Liebe Tante Greti! Hier in der Toskana ist es wunderschön. Das Wetter ist herrlich, das Meer glasklar und das Essen köstlich. Ich genieße das Leben und sende Dir liebe Grüße, Deine Anna.“ So oder ähnlich lesen sich wohl die meisten Urlaubsgrüße, die verstärkt ab Juli um die ganze Welt verschickt werden. Auf der Vorderseite sind meist idyllische Landschaften oder Sehenswürdigkeiten abgebildet, manchmal auch etwas „Lustiges“ – oder zumindest das, was die Sender dafür halten. Und neben dem Text – dessen Hauptinformation („Ich denke an Dich“) zwischen den Zeilen steht – findet sich eine bunte Marke. Kinder und Philatelisten lösen diese gerne über Wasserdampf ab, um sie anschließend ins Sammelalbum zu stecken. Je schöner und exotischer die Marke, desto beliebter ist sie. Das weiß auch die Österreichische Post, die bestimmt, welche Motive darauf abgebildet werden. Doch wer gestaltet sie? Und worauf legen diese Menschen Wert?

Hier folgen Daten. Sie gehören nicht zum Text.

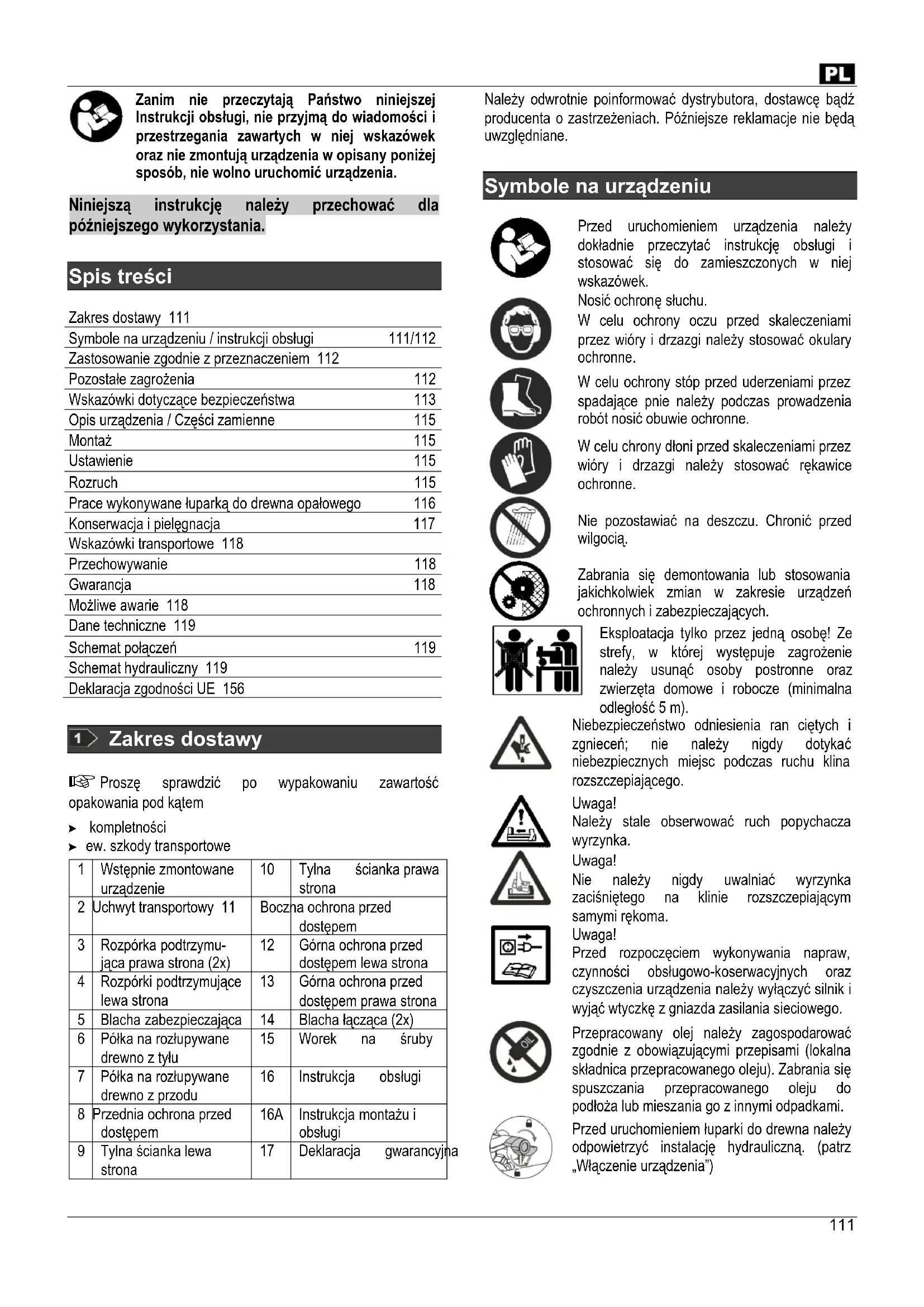 Spis treści Zakres dostawy 111 Symbole na urządzeniu / instrukcji obsługi 111/112 Zastosowanie zgodnie z przeznaczeniem 112 Pozostałe zagrożenia 112 Wskazówki dotyczące bezpieczeństwa 113 Opis urządzenia / Części zamienne 115 Montaż 115 Ustawienie 115 Rozruch 115 Prace wykonywane łuparką do drewna opałowego 116 Konserwacja i pielęgnacja 117 Wskazówki transportowe 118 Przechowywanie 118 Gwarancja 118 Możliwe awarie 118 Dane techniczne 119 Schemat połączeń 119 Schemat hydrauliczny 119 Deklaracja zgodności UE 156
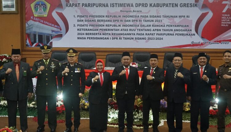 Selesainya mengikuti Pidato Kenegaraan Presiden RI secara virtual, unsur Forkopimda Kabupaten Gresik menutup kegiatan dengan foto bersama.(rama)
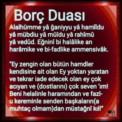 Dini Mesajlar Dini Resimler, Dualar ve Ayetler Dilek Mektubu 20 Şubat 2017 0 Yorumlar Borç Duası Ey zengin olan bütün hamdler kendisine ait olan Ey yoktan yaratan ve tekrar iade edecek olan Ey çok acıyan ve dostlarını çok sevenim Beni helalinle haramından ve fazlu kereminle Senden başkalarından mustağni kıl.. Amin Borç Duası Allah Kabul Etsin

Kleine Größe. Renate Gruber hat ihre erste Briefmarke bereits 2003 gestaltet. „Die hängt noch immer in meinem Büro, da bin ich lange gesessen“, sagt die Grafikdesignerin. Anlass für die Marke „Turandot“ waren die Opernfestspiele in St. Margarethen. Generell vergibt die Post ihre Designaufträge meist passend zu anstehenden Veranstaltungen oder Jubiläen. Rund 60 neue Briefmarken gibt die Post pro Jahr heraus. „Als Grafikdesignerin ist man es gewohnt, ein bisschen Platz zu haben. Man kann sich meist austoben. Briefmarken sind aber nur ein paar Quadratzentimeter groß. Es ist eine echte Herausforderung, da alles unterzubringen“, sagt Gruber, die in Österreich wohl die einzige Grafikerin ist, die sich kontinuierlich mit Briefmarken befasst. Ihre männlichen Kollegen schätzt sie auf „rund eine Handvoll“.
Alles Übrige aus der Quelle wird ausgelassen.